Output the whole listing exactly, except for the pictures in it.

(RECORD EXCERPTS begins)

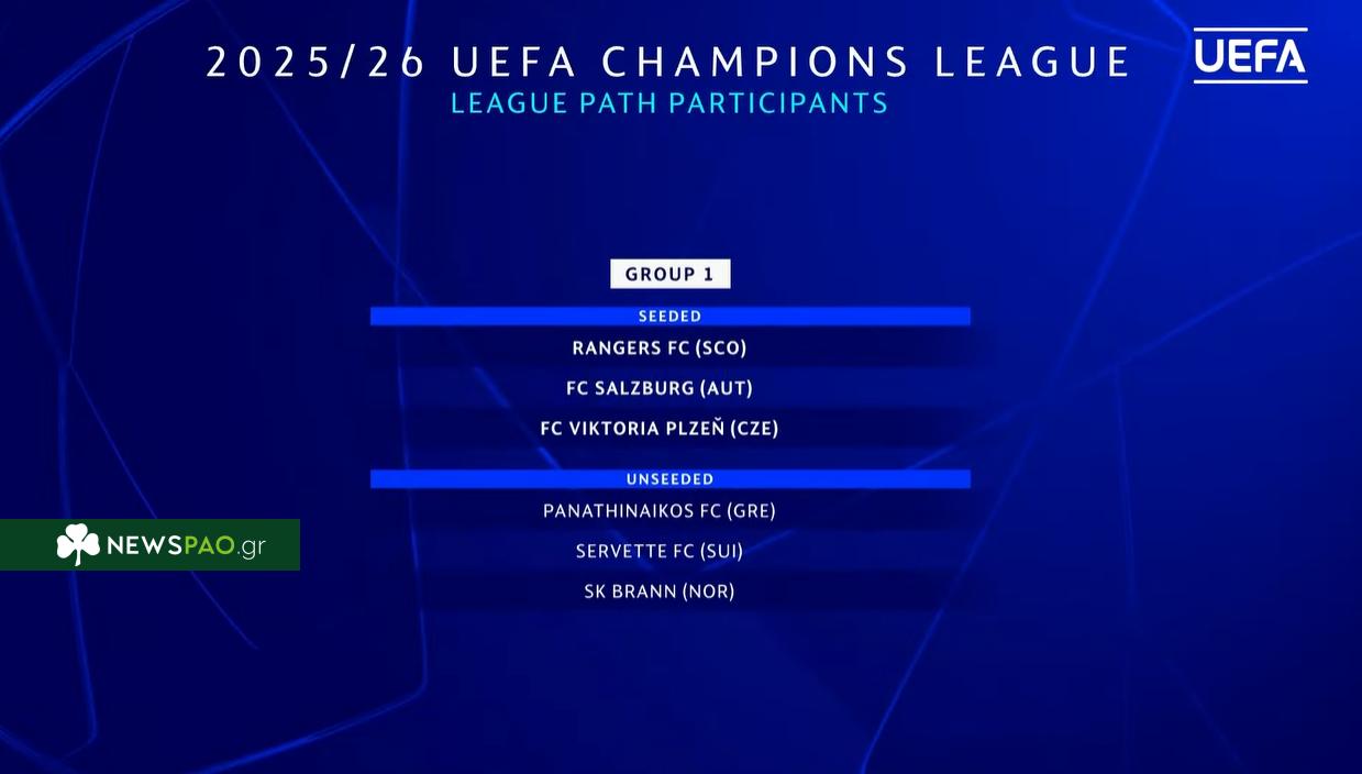 Ο Παναθηναϊκός θα έρθει αντιμέτωπος με τη Ρέιντζερς στον 2ο προκριματικό γύρο του Champions League.
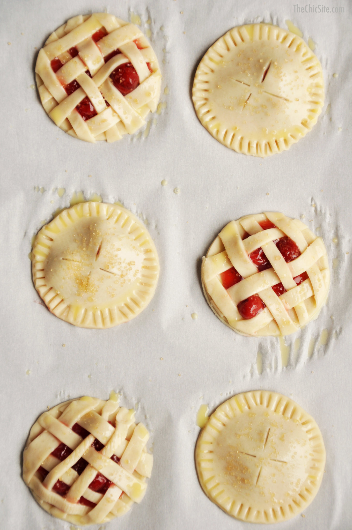 - On a lightly floured work surface unroll the pie crusts, working with one piece at a time. Keep the others in the fridge! Cut out 3-inch round cookie cutter, placing 24 rounds between the two baking sheets. Fill each with about 1 tablespoon of cherry pie filling.
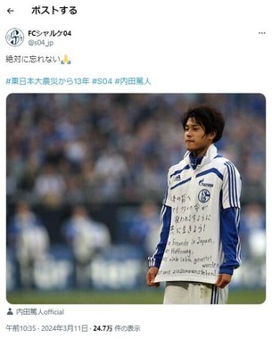 シャルケの日本語版Xは24年3月11日に、「絶対に忘れない(合掌の絵文字)」「#東日本大震災から13年 #S04 #内田篤人」と投稿。前出のユニフォームを着た当時の内田氏の写真も公開した。
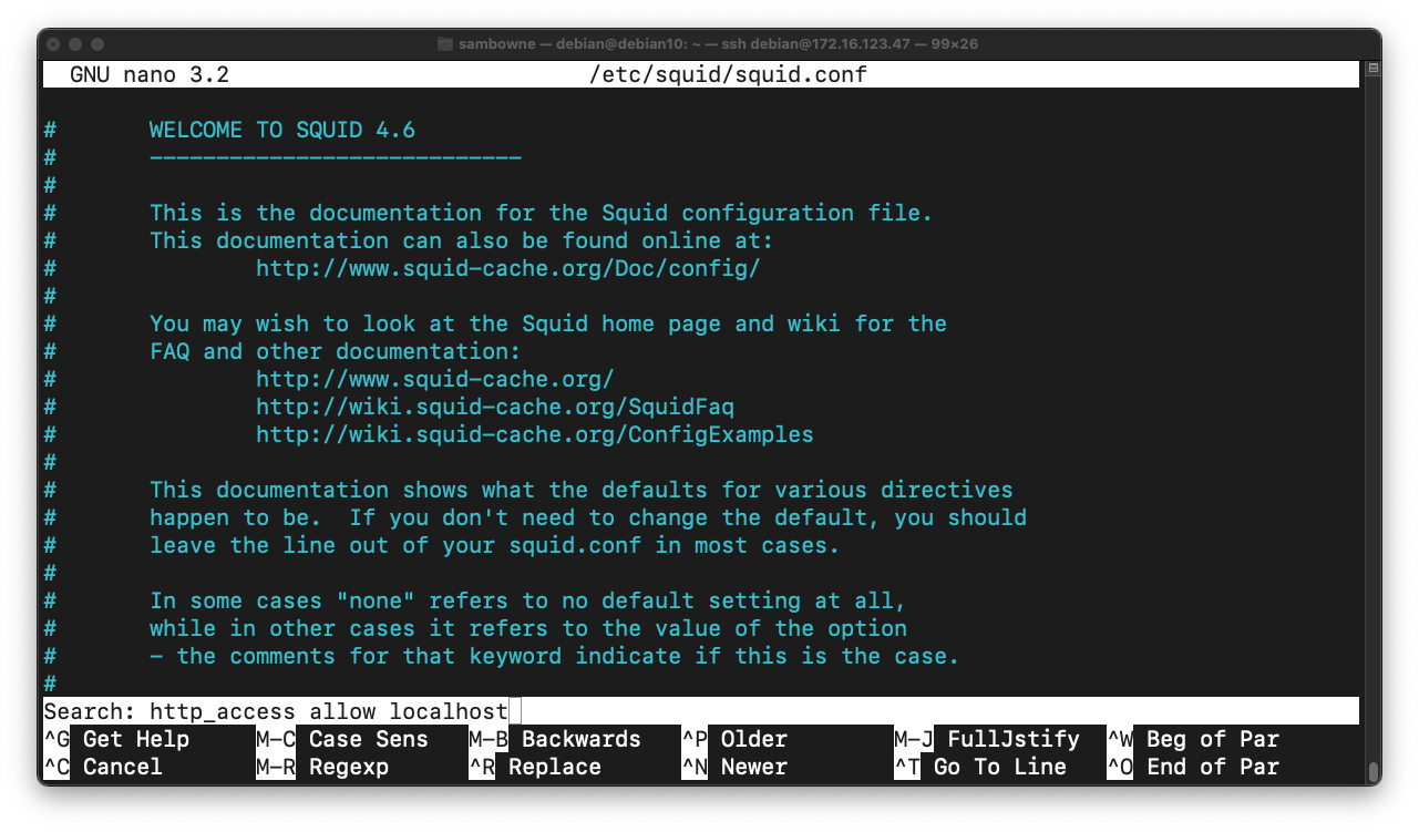 sudo cp /etc/squid/squid.conf /etc/squid/squid.conf.orginal
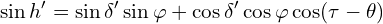 (4.18) ![Rendered by QuickLaTeX.com \[\tau=\arccos\frac{\sin hs-\sin (\varphi_M+\Delta\varphi)\;\sin\delta'}{\cos (\varphi_M+\Delta\varphi)\;\cos\delta'},\]](https://astro-navigation.com/wp-content/ql-cache/quicklatex.com-3e7eafe4030ffb586ff64b1242ae686a_l3.png)
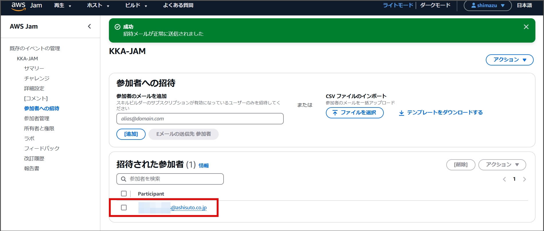 5.「成功」バナーが表示されていることと、招待された参加者タブにメールアドレスが
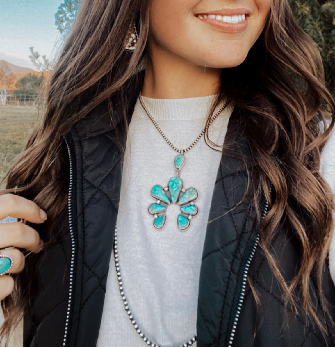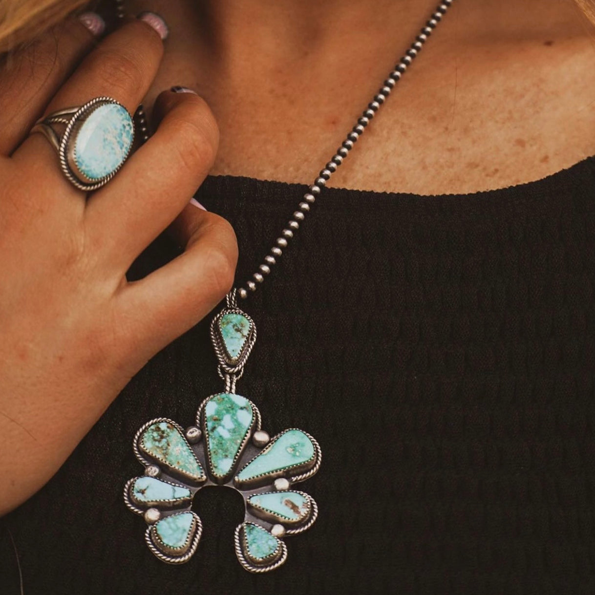 Turquoise and Silver is the only jewelry I wear. Last year I found The White Buffalo on Instagram and fell in love with her style and bought my first of her pieces. I now own numerous all unique, beautiful quality, made with her heart and soul. Customer service is absolutely the best. She wants to give her customers her best and bring their dreams to life. Now having a custom piece done. She is my favorite Silversmith of all time.

(RECORD EXCERPTS ends)

> **WRITTEN SOLUTION**
 Ο Παναθηναϊκός θα έρθει αντιμέτωπος με τη Ρέιντζερς στον 2ο προκριματικό γύρο του Champions League.
 - On a lightly floured work surface unroll the pie crusts, working with one piece at a time. Keep the others in the fridge! Cut out 3-inch round cookie cutter, placing 24 rounds between the two baking sheets. Fill each with about 1 tablespoon of cherry pie filling.
 シャルケの日本語版Xは24年3月11日に、「絶対に忘れない(合掌の絵文字)」「#東日本大震災から13年 #S04 #内田篤人」と投稿。前出のユニフォームを着た当時の内田氏の写真も公開した。
 sudo cp /etc/squid/squid.conf /etc/squid/squid.conf.orginal
 (4.18) ![Rendered by QuickLaTeX.com \[\tau=\arccos\frac{\sin hs-\sin (\varphi_M+\Delta\varphi)\;\sin\delta'}{\cos (\varphi_M+\Delta\varphi)\;\cos\delta'},\]](https://astro-navigation.com/wp-content/ql-cache/quicklatex.com-3e7eafe4030ffb586ff64b1242ae686a_l3.png)
 5.「成功」バナーが表示されていることと、招待された参加者タブにメールアドレスが
 Turquoise and Silver is the only jewelry I wear. Last year I found The White Buffalo on Instagram and fell in love with her style and bought my first of her pieces. I now own numerous all unique, beautiful quality, made with her heart and soul. Customer service is absolutely the best. She wants to give her customers her best and bring their dreams to life. Now having a custom piece done. She is my favorite Silversmith of all time.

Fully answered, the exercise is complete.